**DATA EXCERPTS:**
——————————

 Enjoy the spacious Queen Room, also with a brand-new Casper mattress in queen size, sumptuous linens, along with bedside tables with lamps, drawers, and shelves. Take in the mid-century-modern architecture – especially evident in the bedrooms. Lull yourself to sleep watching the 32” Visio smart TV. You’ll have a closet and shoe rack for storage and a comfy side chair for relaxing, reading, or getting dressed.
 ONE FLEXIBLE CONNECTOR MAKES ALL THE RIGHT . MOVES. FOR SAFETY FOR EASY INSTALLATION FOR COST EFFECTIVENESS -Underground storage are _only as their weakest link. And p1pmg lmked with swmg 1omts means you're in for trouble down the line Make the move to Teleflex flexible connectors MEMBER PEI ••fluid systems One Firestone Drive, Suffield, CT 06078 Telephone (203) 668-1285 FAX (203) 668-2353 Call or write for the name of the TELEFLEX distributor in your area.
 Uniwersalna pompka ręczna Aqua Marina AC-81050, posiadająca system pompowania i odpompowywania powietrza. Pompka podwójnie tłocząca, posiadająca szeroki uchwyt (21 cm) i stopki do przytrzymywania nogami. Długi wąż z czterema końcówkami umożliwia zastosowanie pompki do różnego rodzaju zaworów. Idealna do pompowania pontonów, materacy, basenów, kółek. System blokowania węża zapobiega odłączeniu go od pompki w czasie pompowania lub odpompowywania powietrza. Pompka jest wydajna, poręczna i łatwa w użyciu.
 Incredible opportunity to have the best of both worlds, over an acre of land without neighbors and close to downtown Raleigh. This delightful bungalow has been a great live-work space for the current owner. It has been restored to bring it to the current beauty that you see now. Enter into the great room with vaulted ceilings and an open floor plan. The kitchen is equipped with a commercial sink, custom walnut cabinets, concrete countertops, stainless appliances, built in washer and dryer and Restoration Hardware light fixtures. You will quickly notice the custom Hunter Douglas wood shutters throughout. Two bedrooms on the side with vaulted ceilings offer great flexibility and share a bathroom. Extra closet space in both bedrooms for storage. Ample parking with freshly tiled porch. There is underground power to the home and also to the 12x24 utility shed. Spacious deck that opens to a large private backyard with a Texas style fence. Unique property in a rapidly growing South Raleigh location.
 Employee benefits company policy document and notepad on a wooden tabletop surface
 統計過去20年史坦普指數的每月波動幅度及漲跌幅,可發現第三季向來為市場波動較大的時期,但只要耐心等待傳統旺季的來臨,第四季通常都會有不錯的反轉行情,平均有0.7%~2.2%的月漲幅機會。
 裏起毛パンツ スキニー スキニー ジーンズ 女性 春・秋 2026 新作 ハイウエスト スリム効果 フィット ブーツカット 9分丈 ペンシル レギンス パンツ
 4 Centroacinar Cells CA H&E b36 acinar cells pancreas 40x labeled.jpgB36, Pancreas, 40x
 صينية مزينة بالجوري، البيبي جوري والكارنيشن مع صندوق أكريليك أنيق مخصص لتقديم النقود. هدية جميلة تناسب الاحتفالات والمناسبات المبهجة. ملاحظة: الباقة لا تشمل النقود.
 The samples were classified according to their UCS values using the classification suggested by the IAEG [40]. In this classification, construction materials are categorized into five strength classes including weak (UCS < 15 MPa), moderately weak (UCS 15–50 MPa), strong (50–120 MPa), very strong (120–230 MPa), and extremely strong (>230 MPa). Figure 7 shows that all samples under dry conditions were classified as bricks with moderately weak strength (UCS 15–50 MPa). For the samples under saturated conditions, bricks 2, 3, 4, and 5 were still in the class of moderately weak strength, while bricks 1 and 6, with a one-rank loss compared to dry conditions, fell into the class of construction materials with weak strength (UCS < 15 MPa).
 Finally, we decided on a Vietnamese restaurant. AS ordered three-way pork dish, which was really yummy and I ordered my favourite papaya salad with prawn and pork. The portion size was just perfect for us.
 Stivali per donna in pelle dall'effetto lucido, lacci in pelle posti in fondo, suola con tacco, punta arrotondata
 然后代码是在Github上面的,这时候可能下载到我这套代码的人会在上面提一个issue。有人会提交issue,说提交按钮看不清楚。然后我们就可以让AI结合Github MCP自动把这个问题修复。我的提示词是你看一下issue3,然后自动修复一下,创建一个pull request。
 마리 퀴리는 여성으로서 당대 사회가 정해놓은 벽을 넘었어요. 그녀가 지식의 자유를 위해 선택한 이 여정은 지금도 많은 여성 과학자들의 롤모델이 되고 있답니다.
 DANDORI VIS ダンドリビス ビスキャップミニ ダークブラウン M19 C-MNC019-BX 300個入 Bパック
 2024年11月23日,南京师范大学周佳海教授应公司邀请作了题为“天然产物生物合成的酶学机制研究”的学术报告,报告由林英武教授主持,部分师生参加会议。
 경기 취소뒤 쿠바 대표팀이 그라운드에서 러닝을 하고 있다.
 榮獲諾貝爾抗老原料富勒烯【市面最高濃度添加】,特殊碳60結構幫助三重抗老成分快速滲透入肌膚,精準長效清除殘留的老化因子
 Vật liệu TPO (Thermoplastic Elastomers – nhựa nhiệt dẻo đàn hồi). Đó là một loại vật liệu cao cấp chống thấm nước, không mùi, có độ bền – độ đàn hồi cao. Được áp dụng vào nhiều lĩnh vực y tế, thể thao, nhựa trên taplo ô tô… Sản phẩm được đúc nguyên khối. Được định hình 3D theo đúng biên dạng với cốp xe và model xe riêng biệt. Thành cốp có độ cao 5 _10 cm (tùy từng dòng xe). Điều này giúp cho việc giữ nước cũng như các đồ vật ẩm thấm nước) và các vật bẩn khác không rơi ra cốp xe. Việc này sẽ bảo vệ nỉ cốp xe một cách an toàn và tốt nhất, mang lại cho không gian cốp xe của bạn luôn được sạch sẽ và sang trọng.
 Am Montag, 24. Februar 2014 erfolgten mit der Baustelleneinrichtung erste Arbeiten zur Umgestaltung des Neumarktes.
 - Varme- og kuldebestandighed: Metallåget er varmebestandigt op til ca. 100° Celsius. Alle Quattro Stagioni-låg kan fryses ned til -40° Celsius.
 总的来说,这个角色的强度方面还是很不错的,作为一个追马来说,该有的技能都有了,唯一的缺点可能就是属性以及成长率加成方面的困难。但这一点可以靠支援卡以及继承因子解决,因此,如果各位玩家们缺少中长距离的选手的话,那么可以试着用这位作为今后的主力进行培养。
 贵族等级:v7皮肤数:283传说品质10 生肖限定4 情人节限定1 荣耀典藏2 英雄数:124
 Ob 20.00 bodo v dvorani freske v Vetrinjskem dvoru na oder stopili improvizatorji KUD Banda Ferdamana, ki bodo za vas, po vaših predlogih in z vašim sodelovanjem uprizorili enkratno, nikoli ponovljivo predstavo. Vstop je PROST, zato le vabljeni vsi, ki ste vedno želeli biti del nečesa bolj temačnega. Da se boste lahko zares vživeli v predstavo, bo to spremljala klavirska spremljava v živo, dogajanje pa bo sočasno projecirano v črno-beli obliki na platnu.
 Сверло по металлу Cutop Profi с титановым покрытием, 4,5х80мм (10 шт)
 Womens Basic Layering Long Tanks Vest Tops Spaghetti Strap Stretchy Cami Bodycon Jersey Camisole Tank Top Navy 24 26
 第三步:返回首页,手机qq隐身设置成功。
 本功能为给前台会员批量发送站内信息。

——————————

**TASK REQUIREMENTS:** All of the data above should be set down again exactly.

**EXPECTED ANSWER:**
 Enjoy the spacious Queen Room, also with a brand-new Casper mattress in queen size, sumptuous linens, along with bedside tables with lamps, drawers, and shelves. Take in the mid-century-modern architecture – especially evident in the bedrooms. Lull yourself to sleep watching the 32” Visio smart TV. You’ll have a closet and shoe rack for storage and a comfy side chair for relaxing, reading, or getting dressed.
 ONE FLEXIBLE CONNECTOR MAKES ALL THE RIGHT . MOVES. FOR SAFETY FOR EASY INSTALLATION FOR COST EFFECTIVENESS -Underground storage are _only as their weakest link. And p1pmg lmked with swmg 1omts means you're in for trouble down the line Make the move to Teleflex flexible connectors MEMBER PEI ••fluid systems One Firestone Drive, Suffield, CT 06078 Telephone (203) 668-1285 FAX (203) 668-2353 Call or write for the name of the TELEFLEX distributor in your area.
 Uniwersalna pompka ręczna Aqua Marina AC-81050, posiadająca system pompowania i odpompowywania powietrza. Pompka podwójnie tłocząca, posiadająca szeroki uchwyt (21 cm) i stopki do przytrzymywania nogami. Długi wąż z czterema końcówkami umożliwia zastosowanie pompki do różnego rodzaju zaworów. Idealna do pompowania pontonów, materacy, basenów, kółek. System blokowania węża zapobiega odłączeniu go od pompki w czasie pompowania lub odpompowywania powietrza. Pompka jest wydajna, poręczna i łatwa w użyciu.
 Incredible opportunity to have the best of both worlds, over an acre of land without neighbors and close to downtown Raleigh. This delightful bungalow has been a great live-work space for the current owner. It has been restored to bring it to the current beauty that you see now. Enter into the great room with vaulted ceilings and an open floor plan. The kitchen is equipped with a commercial sink, custom walnut cabinets, concrete countertops, stainless appliances, built in washer and dryer and Restoration Hardware light fixtures. You will quickly notice the custom Hunter Douglas wood shutters throughout. Two bedrooms on the side with vaulted ceilings offer great flexibility and share a bathroom. Extra closet space in both bedrooms for storage. Ample parking with freshly tiled porch. There is underground power to the home and also to the 12x24 utility shed. Spacious deck that opens to a large private backyard with a Texas style fence. Unique property in a rapidly growing South Raleigh location.
 Employee benefits company policy document and notepad on a wooden tabletop surface
 統計過去20年史坦普指數的每月波動幅度及漲跌幅,可發現第三季向來為市場波動較大的時期,但只要耐心等待傳統旺季的來臨,第四季通常都會有不錯的反轉行情,平均有0.7%~2.2%的月漲幅機會。
 裏起毛パンツ スキニー スキニー ジーンズ 女性 春・秋 2026 新作 ハイウエスト スリム効果 フィット ブーツカット 9分丈 ペンシル レギンス パンツ
 4 Centroacinar Cells CA H&E b36 acinar cells pancreas 40x labeled.jpgB36, Pancreas, 40x
 صينية مزينة بالجوري، البيبي جوري والكارنيشن مع صندوق أكريليك أنيق مخصص لتقديم النقود. هدية جميلة تناسب الاحتفالات والمناسبات المبهجة. ملاحظة: الباقة لا تشمل النقود.
 The samples were classified according to their UCS values using the classification suggested by the IAEG [40]. In this classification, construction materials are categorized into five strength classes including weak (UCS < 15 MPa), moderately weak (UCS 15–50 MPa), strong (50–120 MPa), very strong (120–230 MPa), and extremely strong (>230 MPa). Figure 7 shows that all samples under dry conditions were classified as bricks with moderately weak strength (UCS 15–50 MPa). For the samples under saturated conditions, bricks 2, 3, 4, and 5 were still in the class of moderately weak strength, while bricks 1 and 6, with a one-rank loss compared to dry conditions, fell into the class of construction materials with weak strength (UCS < 15 MPa).
 Finally, we decided on a Vietnamese restaurant. AS ordered three-way pork dish, which was really yummy and I ordered my favourite papaya salad with prawn and pork. The portion size was just perfect for us.
 Stivali per donna in pelle dall'effetto lucido, lacci in pelle posti in fondo, suola con tacco, punta arrotondata
 然后代码是在Github上面的,这时候可能下载到我这套代码的人会在上面提一个issue。有人会提交issue,说提交按钮看不清楚。然后我们就可以让AI结合Github MCP自动把这个问题修复。我的提示词是你看一下issue3,然后自动修复一下,创建一个pull request。
 마리 퀴리는 여성으로서 당대 사회가 정해놓은 벽을 넘었어요. 그녀가 지식의 자유를 위해 선택한 이 여정은 지금도 많은 여성 과학자들의 롤모델이 되고 있답니다.
 DANDORI VIS ダンドリビス ビスキャップミニ ダークブラウン M19 C-MNC019-BX 300個入 Bパック
 2024年11月23日,南京师范大学周佳海教授应公司邀请作了题为“天然产物生物合成的酶学机制研究”的学术报告,报告由林英武教授主持,部分师生参加会议。
 경기 취소뒤 쿠바 대표팀이 그라운드에서 러닝을 하고 있다.
 榮獲諾貝爾抗老原料富勒烯【市面最高濃度添加】,特殊碳60結構幫助三重抗老成分快速滲透入肌膚,精準長效清除殘留的老化因子
 Vật liệu TPO (Thermoplastic Elastomers – nhựa nhiệt dẻo đàn hồi). Đó là một loại vật liệu cao cấp chống thấm nước, không mùi, có độ bền – độ đàn hồi cao. Được áp dụng vào nhiều lĩnh vực y tế, thể thao, nhựa trên taplo ô tô… Sản phẩm được đúc nguyên khối. Được định hình 3D theo đúng biên dạng với cốp xe và model xe riêng biệt. Thành cốp có độ cao 5 _10 cm (tùy từng dòng xe). Điều này giúp cho việc giữ nước cũng như các đồ vật ẩm thấm nước) và các vật bẩn khác không rơi ra cốp xe. Việc này sẽ bảo vệ nỉ cốp xe một cách an toàn và tốt nhất, mang lại cho không gian cốp xe của bạn luôn được sạch sẽ và sang trọng.
 Am Montag, 24. Februar 2014 erfolgten mit der Baustelleneinrichtung erste Arbeiten zur Umgestaltung des Neumarktes.
 - Varme- og kuldebestandighed: Metallåget er varmebestandigt op til ca. 100° Celsius. Alle Quattro Stagioni-låg kan fryses ned til -40° Celsius.
 总的来说,这个角色的强度方面还是很不错的,作为一个追马来说,该有的技能都有了,唯一的缺点可能就是属性以及成长率加成方面的困难。但这一点可以靠支援卡以及继承因子解决,因此,如果各位玩家们缺少中长距离的选手的话,那么可以试着用这位作为今后的主力进行培养。
 贵族等级:v7皮肤数:283传说品质10 生肖限定4 情人节限定1 荣耀典藏2 英雄数:124
 Ob 20.00 bodo v dvorani freske v Vetrinjskem dvoru na oder stopili improvizatorji KUD Banda Ferdamana, ki bodo za vas, po vaših predlogih in z vašim sodelovanjem uprizorili enkratno, nikoli ponovljivo predstavo. Vstop je PROST, zato le vabljeni vsi, ki ste vedno želeli biti del nečesa bolj temačnega. Da se boste lahko zares vživeli v predstavo, bo to spremljala klavirska spremljava v živo, dogajanje pa bo sočasno projecirano v črno-beli obliki na platnu.
 Сверло по металлу Cutop Profi с титановым покрытием, 4,5х80мм (10 шт)
 Womens Basic Layering Long Tanks Vest Tops Spaghetti Strap Stretchy Cami Bodycon Jersey Camisole Tank Top Navy 24 26
 第三步:返回首页,手机qq隐身设置成功。
 本功能为给前台会员批量发送站内信息。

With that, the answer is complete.